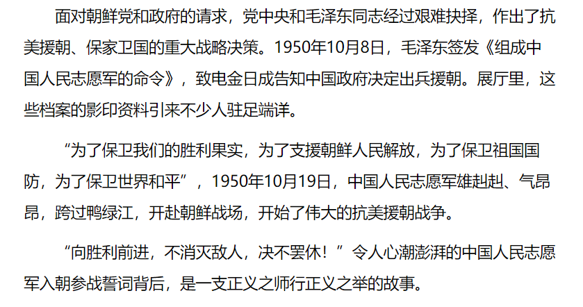 此次会议学习了中国人民志愿军老战士孙景坤、徐振明的先进事迹,阅读了“铭记伟大胜利捍卫和平正义—纪念中国人民志愿军抗美援朝出国作战70周年主题展览”Happy漫画相关的文章及观看相关视频。
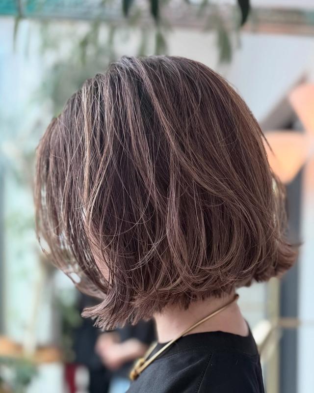 ラフなスタイリングがおしゃれなハイライトボブ。ハイライトが白髪を馴染ませながら、髪に立体感をプラスしています。@acco.mamaさんによると、スタイリングは「毛先を外巻きにしてハチ上を内巻きするだけ」とのこと。ハイライトを入れることで、おしゃれなニュアンス感も演出できそうです。
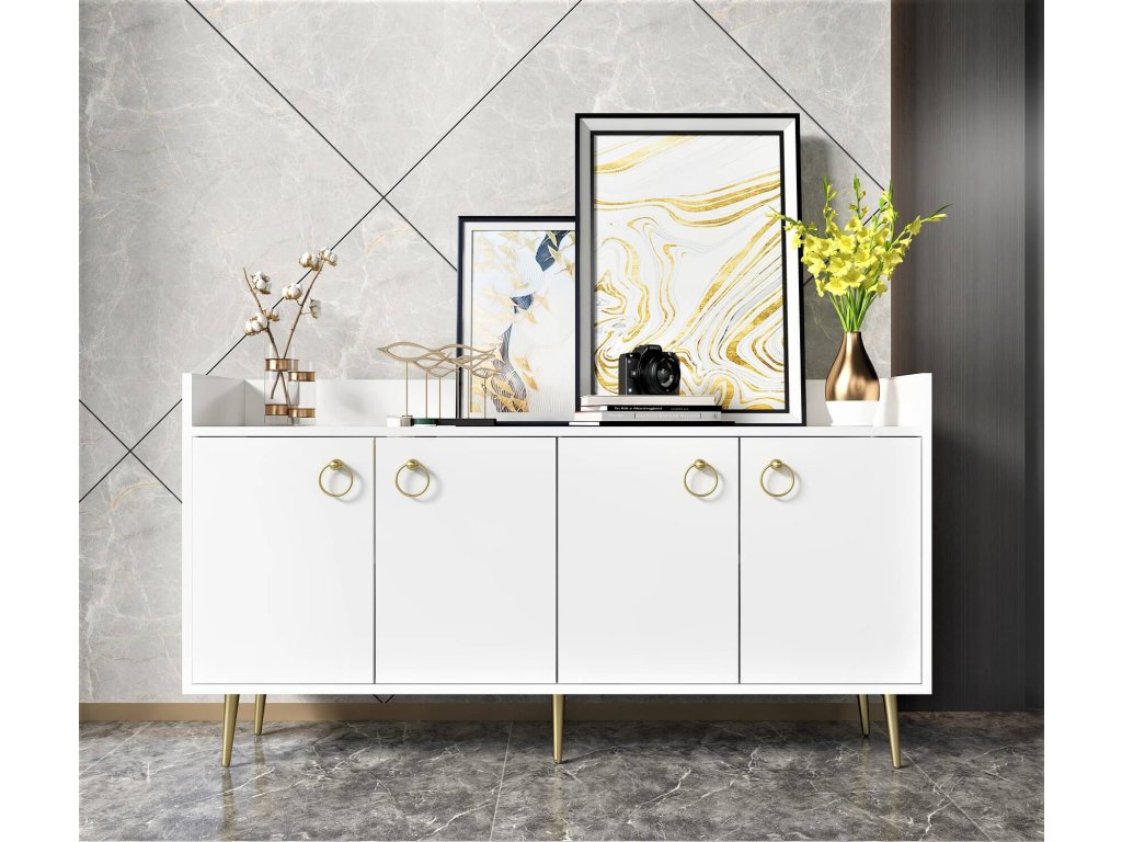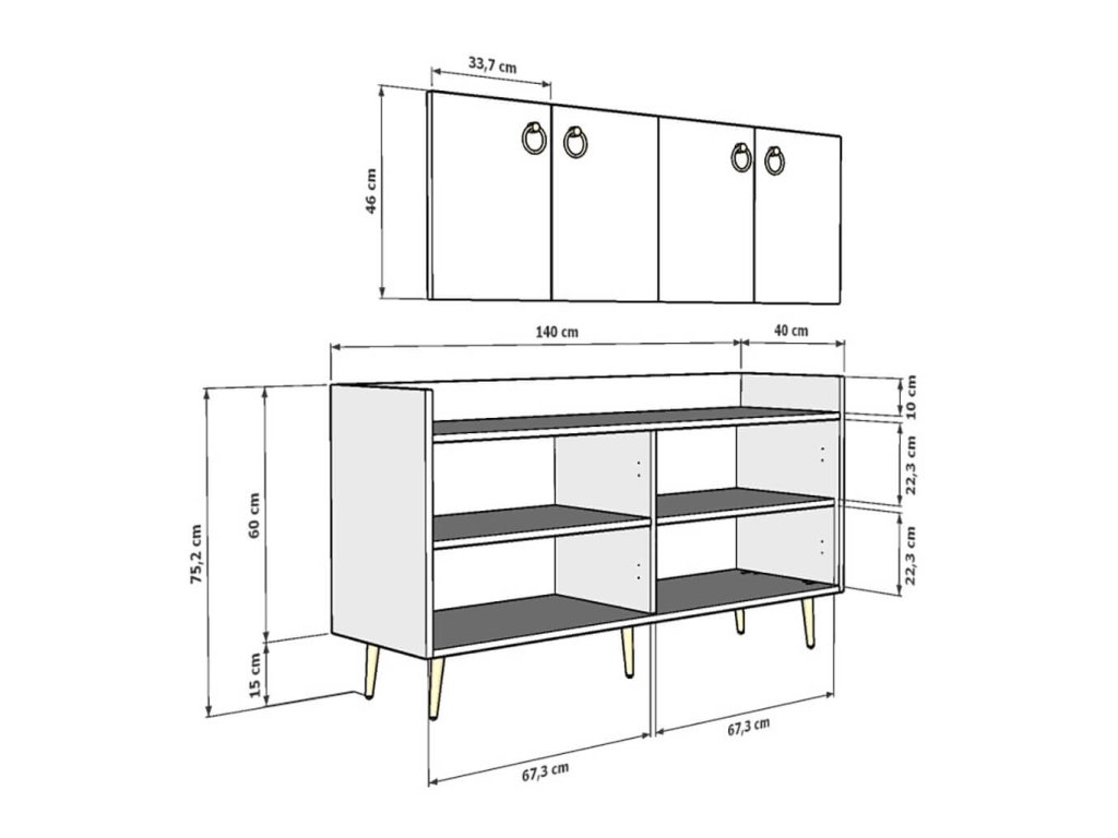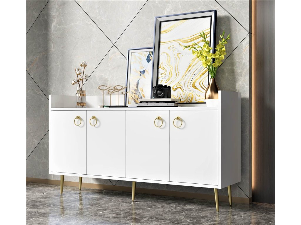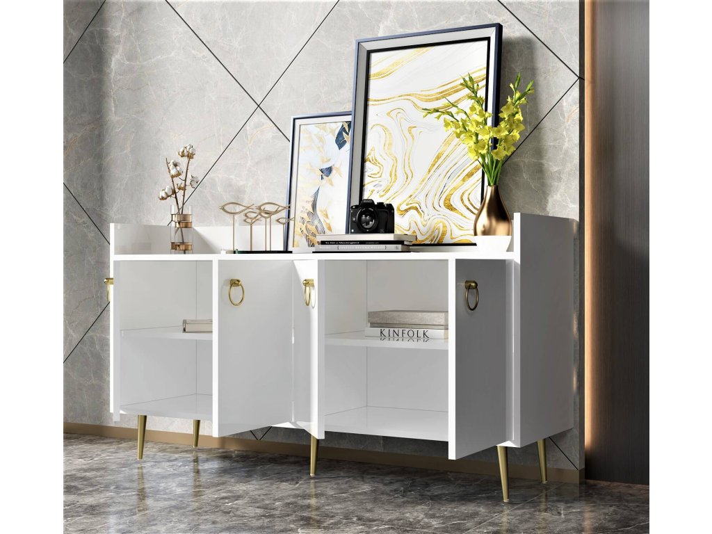 Skříňka RENO je ideálním doplňkem pro moderní obývací pokoj, který kombinuje praktické úložné prostory s elegantním designem. Díky čtyřem plným dvířkům a odkládací polici nabízí dostatek místa pro všechny vaše potřeby, ať už jde o knihy, dekorace nebo další předměty.

# Task goal
Give the preceding data back exactly, minus every picture.

# Final answer
 此次会议学习了中国人民志愿军老战士孙景坤、徐振明的先进事迹,阅读了“铭记伟大胜利捍卫和平正义—纪念中国人民志愿军抗美援朝出国作战70周年主题展览”Happy漫画相关的文章及观看相关视频。
 ラフなスタイリングがおしゃれなハイライトボブ。ハイライトが白髪を馴染ませながら、髪に立体感をプラスしています。@acco.mamaさんによると、スタイリングは「毛先を外巻きにしてハチ上を内巻きするだけ」とのこと。ハイライトを入れることで、おしゃれなニュアンス感も演出できそうです。
 Skříňka RENO je ideálním doplňkem pro moderní obývací pokoj, který kombinuje praktické úložné prostory s elegantním designem. Díky čtyřem plným dvířkům a odkládací polici nabízí dostatek místa pro všechny vaše potřeby, ať už jde o knihy, dekorace nebo další předměty.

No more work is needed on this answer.